Apply only at error sites, not every turn. Detect via:
- Failed tool calls (status != ok)
- Exception traces in tool output
- Optional: a lightweight judge model flagging "this turn was wasteful" (matches Cursor's "communication style" use case)
Loss = α * GRPO_loss + β * SDPO_KL_at_error_turns + γ * trace_replay_DPO_loss. Ablate (α, β, γ).

Implementation handles for v0.2 (decentralized scale)
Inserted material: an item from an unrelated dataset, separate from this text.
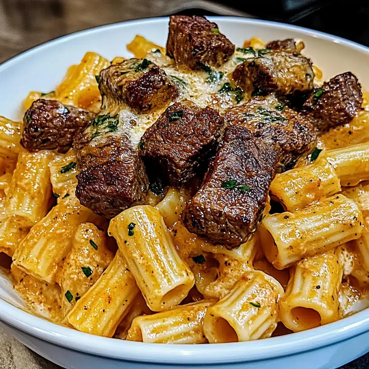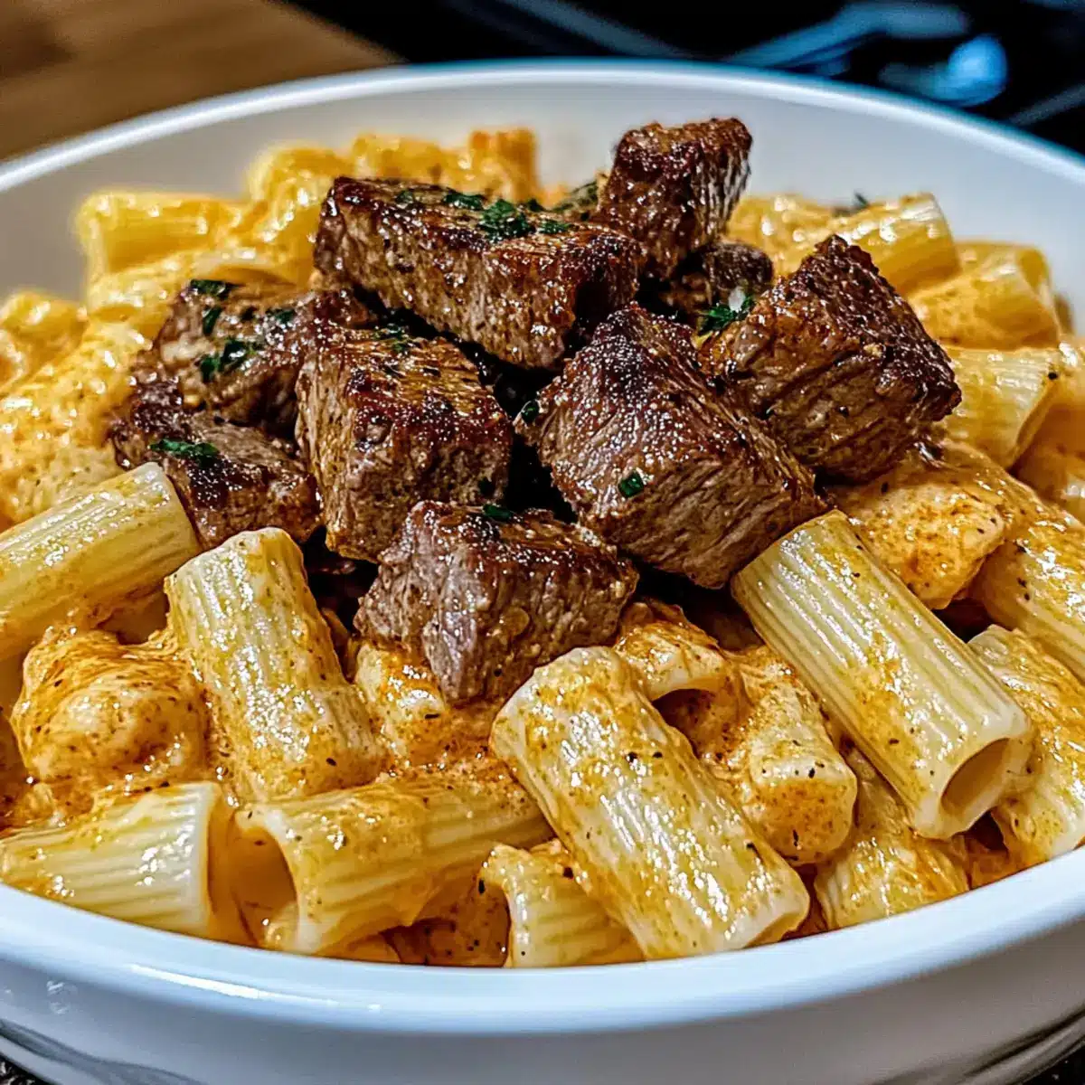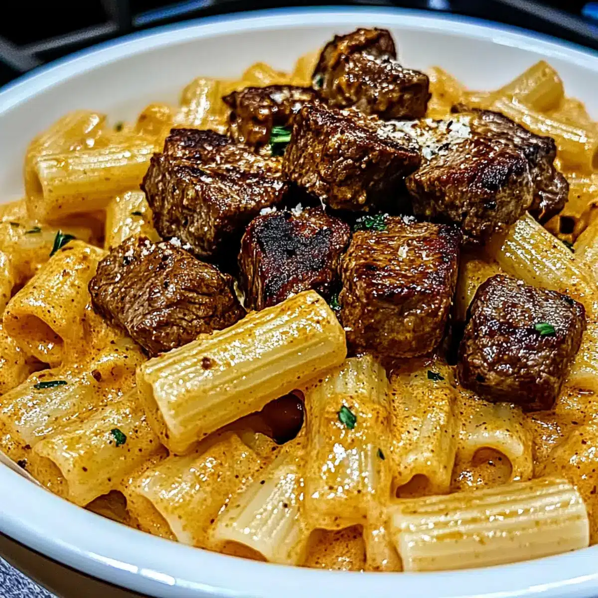 Cajun Steak Tips in Cheesy Rigatoni Parmesan Sauce Bliss

If v0.1 validates and we scale, here's what each Composer-stage maps to in a multi-cluster setting:

Continued pretraining: Pretrained checkpoint already exists (Qwen3-32B); skip.
Synthetic data: Generators run on CPU pool, producing OpenEnv tasks pushed to a shared queue. Embarrassingly parallel.
Realistic-env RL: PRIME-RL's orchestrator/trainer/inference split, vLLM↔FSDP2 weight broadcast (SHARDCAST). v0.2 adds Streaming DiLoCo outer loop only when training spans clusters.
Targeted hint-distill: Compute is local to each trainer — no decentralization complication.
Trace-replay-distill: Teacher API calls are independent — embarrassingly parallel across rollout workers. VOI gating becomes more important to control cost at scale.
Sharded Muon / dual-mesh HSDP: Only if we adopt MoE base. For dense 32B, FSDP2 is fine.

Citations (updated)

Primary sources for each Composer-2.5 component, post-audit:

Cursor blog — Introducing Composer 2.5 (2026)
Cursor blog — Composer 2 technical report (predecessor; named the "Anyrun" environment per subagent — verify if needed)
OPSD paper — Zhao et al., Self-Distilled Reasoner: On-Policy Self-Distillation for LLMs, arXiv:2601.18734, code at siyan-zhao/OPSD. MIT.
SDPO paper — Hübotter et al., Reinforcement Learning via Self-Distillation, arXiv:2601.20802, ICLR 2026 Scaling Post-training Workshop. The direct formalization of Composer's hint-distill.
Self-Distillation continual-learning — arXiv:2601.19897. Cited by Cursor; less directly relevant.
Moonshot Kimi K2.5 — base model, HF model card.

The methodology mapping in this document supersedes vague claims in research/01-composer-2.5.md where the two conflict; that file is preserved unchanged for provenance (a snapshot of the parallel-research dispatch output) but should not be cited as ground truth on its own.